There is less interaction between the top-level transcription factors and the bottom-level, least influential transcription factors than one would expect to happen by chance. The human genome is not egalitarian.

Gerstein and colleagues at the Sanger Center, the University of California at Santa Cruz, and Cold Spring Harbor Laboratory on Long Island also found about 12,000 pseudogenes—fossil genes dating back to our nonhuman ancestors—which at first glance appear to be dead. But it turns out that some pseudogenes, while they no longer code for proteins, are quite animated. “They’re very much on the edge between living and dead,” said Gerstein.

In some people, these pseudogenes are turned into actual genes. “What’s going on here? Is this a gene that’s being born?” he asked. Pseudogenes open a window on the history of our species. Some of these fossil genes may still be players in the regulatory network.

The impact on medicine

What will ENCODE mean for human health, and how soon will this genomic encyclopedia inform treatment? There is no easy answer to that critical question, according to Sherman Weissman, M.D., Sterling Professor of Genetics.

“I grew up with the field,” said Weissman, whose research interests include genome-wide mapping of gene activity and chromosome structure in humans. Weissman contributed to ENCODE through collaborations with former Yale professor Michael Snyder, Ph.D., a leader in the field of functional genomics who is now at Stanford.

Knowing the molecular basis of a disease carries no guarantee that a cure is imminent. Linus Pauling, Ph.D., linked sickle cell disease to an abnormal protein in 1949, making it the first genetic disease for which the molecular basis was known. But, Weissman noted, there is still no cure for it. On the other hand, survival rates for chronic myelogenous leukemia are improving thanks to Gleevec, a drug based on oncogene study that received FDA approval in 2001. Weissman is optimistic that genetic information could lead to effective treatments for Alzheimer disease, which he terms “simpler than cancer.”

“We have so much data, and a very large part of it hasn’t been fully exploited,” he said. “We’re really bumping up against the ceiling in some practical ways.”

One of the project’s findings is that genetic changes linked to disease occur between genes in places where ENCODE has identified regulatory sites. It’s still not clear how variations in these areas contribute to disease. “Some people were surprised,” said Pazin, “that disease-linked genetic variants are not usually in protein-coding regions. We expect to find that many genetic changes causing a disorder are within regulatory regions, or switches, that affect how much protein is produced or when the protein is produced, rather than affecting the structure of the protein itself. The medical condition will occur because the gene is aberrantly turned on or turned off or abnormal amounts of the protein are made. Far from being junk DNA, this regulatory DNA clearly makes important contributions to human health and disease.”
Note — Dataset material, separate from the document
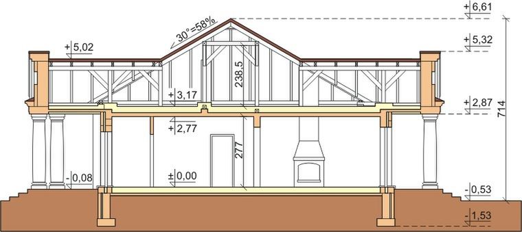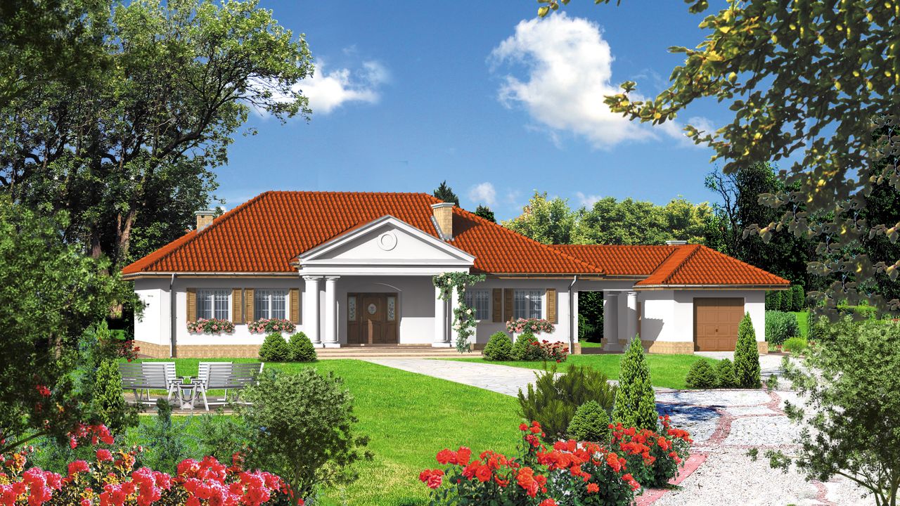 Ściany zewnętrzne: pustak ceramiczny 44 cm. Ściany nośne: pustak ceramiczny 25cm. Strop: monolityczny żelbetowy. Dach: kąt nachylenia 30°, pokrycie - dachówka ceramiczna lub betonowa.

“It’s important to realize that these findings won’t be taken forward by people like Mark or myself—rather we have to empower clinical researchers to use this data,” said Birney of the EBI. “I think ENCODE will have a big impact on medical research—in particular, genome-wide association studies have a really remarkable overlap with ENCODE data outside of protein-coding genes, and this is leading to all sorts of new hypotheses of how these diseases operate.” YM

Colleen Shaddox is a freelance writer in Hamden, Conn.